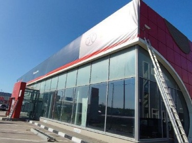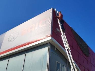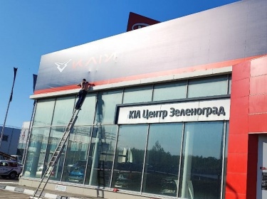 Фото и видео по кейсу: Демонтаж логотипа и букв с фасада здания и монтаж баннера на автосалоне в Зеленограде.
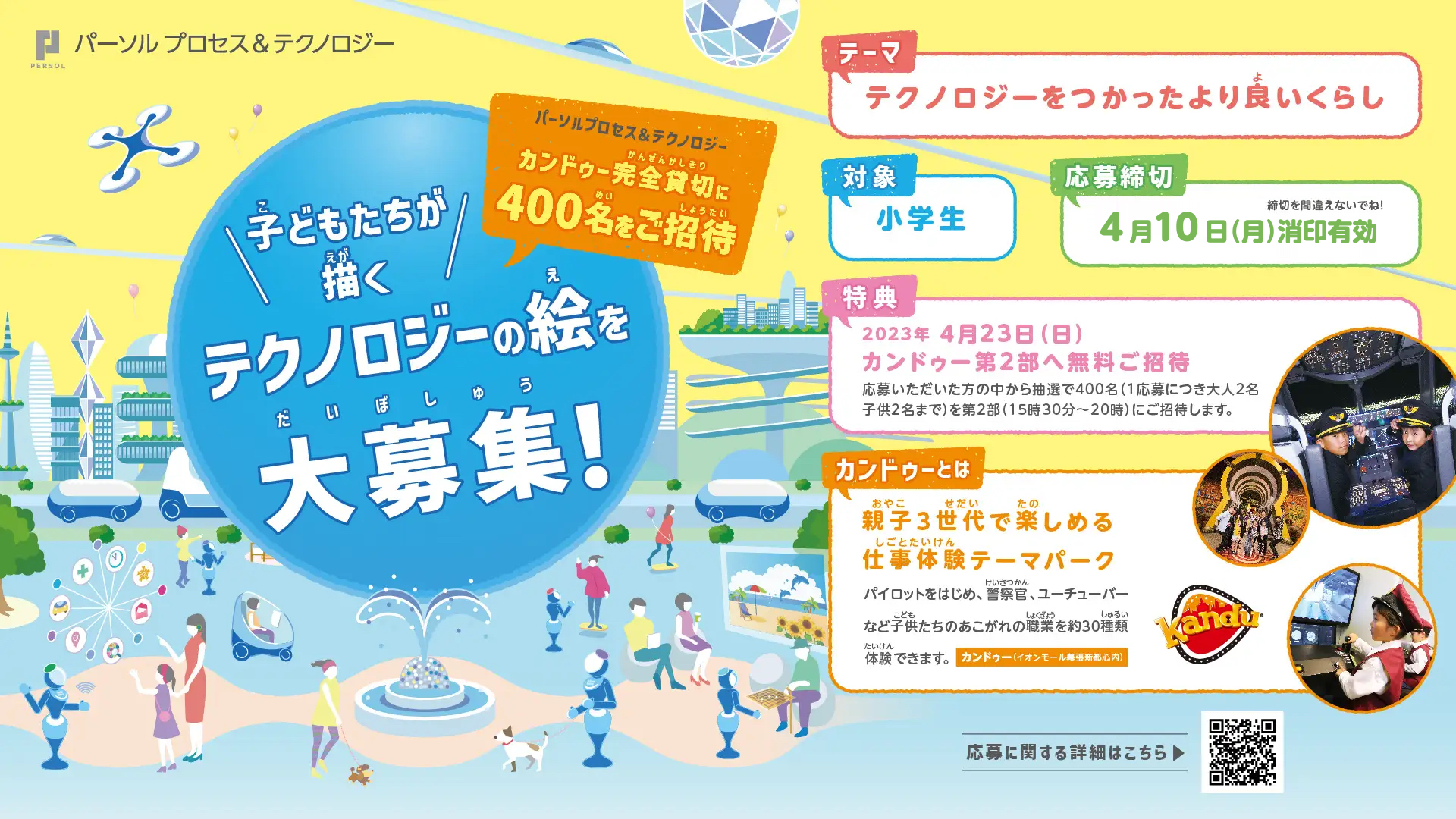 本企画は、小学生を対象に「テクノロジーをつかったより良いくらし」を自由な発想で描いて応募いただき、応募者の中から抽選で400名(1応募につき大人2名子供2名まで)を2023年4月23日(日)当社完全貸切のカンドゥー第2部(15時30分~20時)に無料でご招待します。
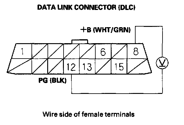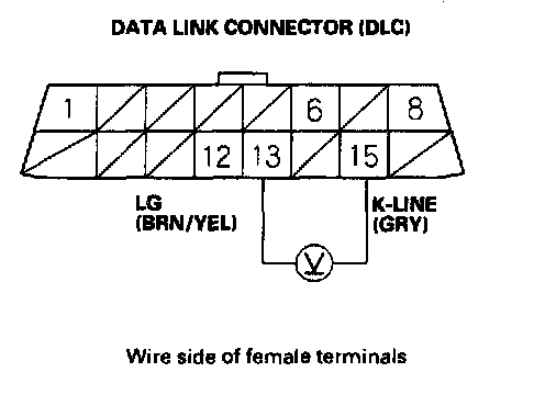 13. Measure voltage between DLC terminals No.13 and No.15.

_ _ _ _ _ _ _

• WHAT IS REQUIRED
Retype the whole listing word for word. Skip the pictures.

• SOLUTION
 Фото и видео по кейсу: Демонтаж логотипа и букв с фасада здания и монтаж баннера на автосалоне в Зеленограде.
 本企画は、小学生を対象に「テクノロジーをつかったより良いくらし」を自由な発想で描いて応募いただき、応募者の中から抽選で400名(1応募につき大人2名子供2名まで)を2023年4月23日(日)当社完全貸切のカンドゥー第2部(15時30分~20時)に無料でご招待します。
 13. Measure voltage between DLC terminals No.13 and No.15.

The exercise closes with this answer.